“Let—let go—my—throat!” Tom managed to gasp.
“Will you keep quiet?” demanded Harney.
“Yes—yes.”
“All right, mind you do.” And then the guide released his hold, but continued to sit as he was, astride of poor Tom’s chest.
“Have you got him?” came from Dan Baxter.
“Yes,” returned the big guide.
“All right; then hold him.”
“I will.”
Leaving Sam to be watched by Jasper Grinder, Baxter ran over to one of the sleds and procured a long rope.
“Now then, Tom Rover, get up,” he said sourly.
Tom was glad to arise.
“What are you going to do with me?” he questioned.
“You’ll see fast enough.”
“Going to try your old tricks of making me a prisoner, I suppose.”
“You’re a prisoner already.”
“Thank you, for nothing,” returned Tom, as coolly as he could.
“Don’t you get impudent, Tom Rover. If you try it on, you’ll get more than you bargain for, let me tell you that.”
“You always were a first-class bully, Baxter. You like to tackle little boys, or else somebody who is helpless.”
“Shut up! I won’t listen to you, now!” roared Baxter, and grabbing Tom’s hands he forced them back and bound them together. Then the ropes was passed around Tom’s waist, so that he could not move his hands to the front.
By the time this work was accomplished Sam was regaining consciousness. He gave a moan of pain, and then sat up in bewilderment.
“Who—what’s happened?” he stammered. Then he looked around. “Oh! I remember now!”
He was very unsteady when he got on his feet, and it was Tom who made the first move toward him.
“Too bad, Sam. They are a set of brutes.”
“Don’t call me a brute Rover,” growled Jasper Grinder. “Neither you nor your brother have all you deserve.”

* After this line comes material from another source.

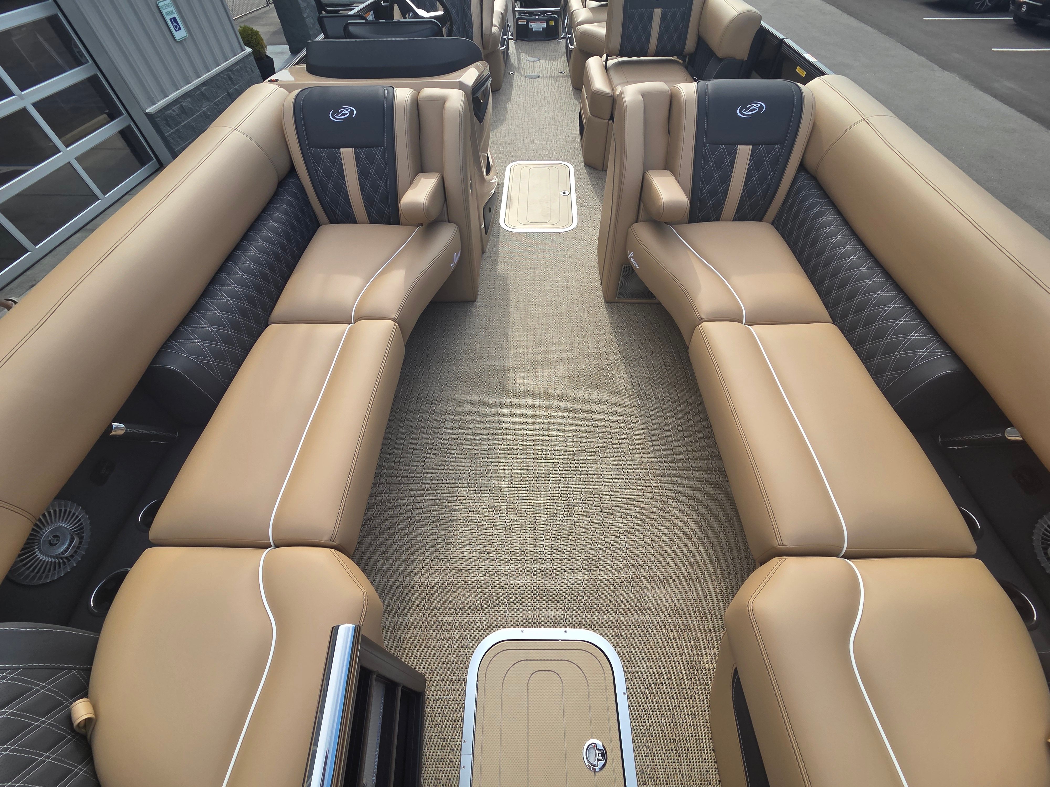 The Barletta Lusso L25MA is packed with special features that elevate your boating experience. The flooring is finished in Amore Tan, providing a warm and inviting atmosphere that complements the Carmella Tan with Onyx furniture. The exterior is protected by Metal Jacket Protectant, ensuring durability and a lasting shine. The Blackout Package Lusso railskin adds a bold, modern touch to the boat’s profile, while the Meridian Flip Table, pedestal, and base offer versatile options for dining, entertaining, or simply relaxing.For those who appreciate ambiance, the Lusso L25MA is equipped with white exterior lighting under the deck and underwater, creating a captivating glow during evening cruises. The onboard battery charger supports two batteries, ensuring you have reliable power for all your electronics and accessories. These features, combined with Barletta’s commitment to quality construction, make the Lusso L25MA a standout pontoon boat for sale in today’s market.

Sam was bound with a rope, and then both prisoners were told to walk over to the fire. This they did, and were left in charge of Husty and Jasper Grinder, while Baxter went off a distance, in company with big Bill Harney.
“Well, what do you want to do with ’em?” demanded Harney, when he and the bully were out of hearing of the others, “’Pears to me you’ve taken the law in yer own hands.”

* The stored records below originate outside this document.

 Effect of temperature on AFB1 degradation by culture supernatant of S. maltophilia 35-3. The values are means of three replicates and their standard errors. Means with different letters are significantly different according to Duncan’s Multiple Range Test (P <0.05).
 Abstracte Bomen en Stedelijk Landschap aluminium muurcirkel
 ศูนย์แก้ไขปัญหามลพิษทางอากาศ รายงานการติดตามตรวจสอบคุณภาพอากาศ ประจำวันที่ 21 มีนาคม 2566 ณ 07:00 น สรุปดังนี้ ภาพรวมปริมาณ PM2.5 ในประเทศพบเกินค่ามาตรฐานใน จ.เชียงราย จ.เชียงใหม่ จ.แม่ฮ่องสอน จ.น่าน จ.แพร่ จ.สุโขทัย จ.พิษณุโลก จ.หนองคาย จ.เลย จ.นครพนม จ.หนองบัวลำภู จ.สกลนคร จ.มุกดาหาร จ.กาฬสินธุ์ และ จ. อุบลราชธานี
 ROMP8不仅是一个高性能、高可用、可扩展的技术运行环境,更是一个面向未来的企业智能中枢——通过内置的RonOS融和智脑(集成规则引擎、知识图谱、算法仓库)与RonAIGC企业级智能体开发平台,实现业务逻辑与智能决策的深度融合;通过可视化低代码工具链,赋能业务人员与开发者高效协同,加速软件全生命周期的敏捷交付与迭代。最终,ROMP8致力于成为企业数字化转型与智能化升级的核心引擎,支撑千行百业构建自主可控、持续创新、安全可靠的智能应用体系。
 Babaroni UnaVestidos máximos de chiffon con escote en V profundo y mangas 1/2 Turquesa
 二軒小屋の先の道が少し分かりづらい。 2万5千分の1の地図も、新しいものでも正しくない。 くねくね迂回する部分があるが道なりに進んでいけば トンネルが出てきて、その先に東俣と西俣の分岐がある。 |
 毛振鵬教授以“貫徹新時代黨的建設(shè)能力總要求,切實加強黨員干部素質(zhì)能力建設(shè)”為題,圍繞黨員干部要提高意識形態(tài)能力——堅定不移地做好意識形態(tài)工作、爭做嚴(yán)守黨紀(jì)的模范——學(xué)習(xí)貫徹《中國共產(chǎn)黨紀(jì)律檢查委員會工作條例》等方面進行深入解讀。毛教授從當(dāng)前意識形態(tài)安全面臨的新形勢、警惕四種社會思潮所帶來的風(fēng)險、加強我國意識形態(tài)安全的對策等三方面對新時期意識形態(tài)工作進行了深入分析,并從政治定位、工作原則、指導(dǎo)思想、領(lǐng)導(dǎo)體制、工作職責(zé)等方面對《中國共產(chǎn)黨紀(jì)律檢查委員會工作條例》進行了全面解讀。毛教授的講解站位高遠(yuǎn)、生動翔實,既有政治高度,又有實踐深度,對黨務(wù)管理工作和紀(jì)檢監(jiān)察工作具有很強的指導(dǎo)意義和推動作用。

“I’m glad I’ve caught them,” returned Dan Baxter. “They may help us to find what I am after.”
“Think they’ve got a better map nor yours?”
“They may have.”
“Supposing that brother comes up, with John Barrow? They may make it hot for us.”

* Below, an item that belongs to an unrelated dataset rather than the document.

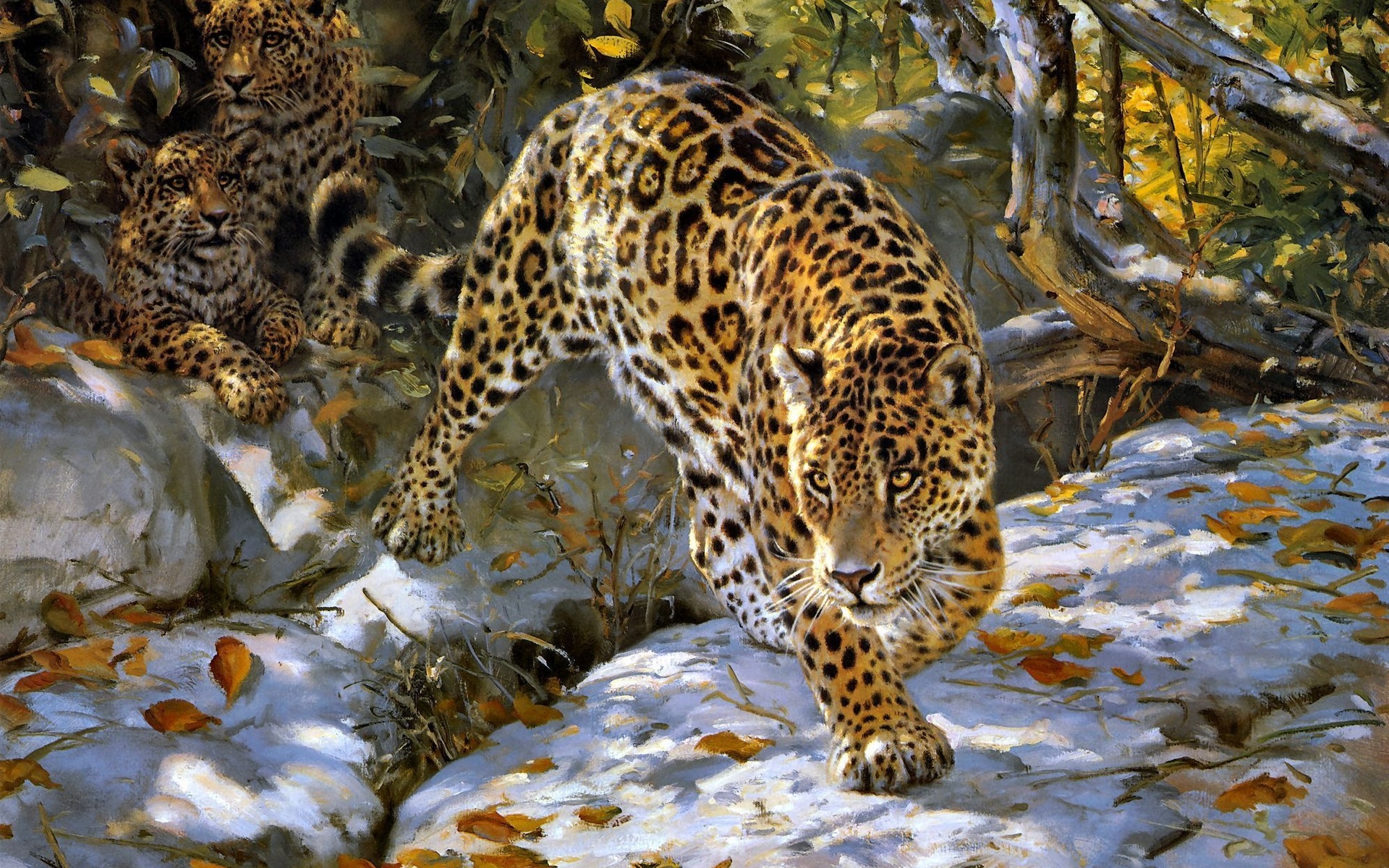 Description: A painting of a leopard walking on a snowy surface with trees in the background and leaves on the ground.

“That’s what I want to ask you about, Harney. Isn’t there some place around here where we might hide the prisoners? A cave, or something like that?”
The big guide scratched his chin thoughtfully.
“There’s a tolerable place about quarter of a mile from here—the old B’ars’ Hole, we use ter call it.”
“Of course we don’t want to run up against any bears,” said Baxter, with a show of nervousness.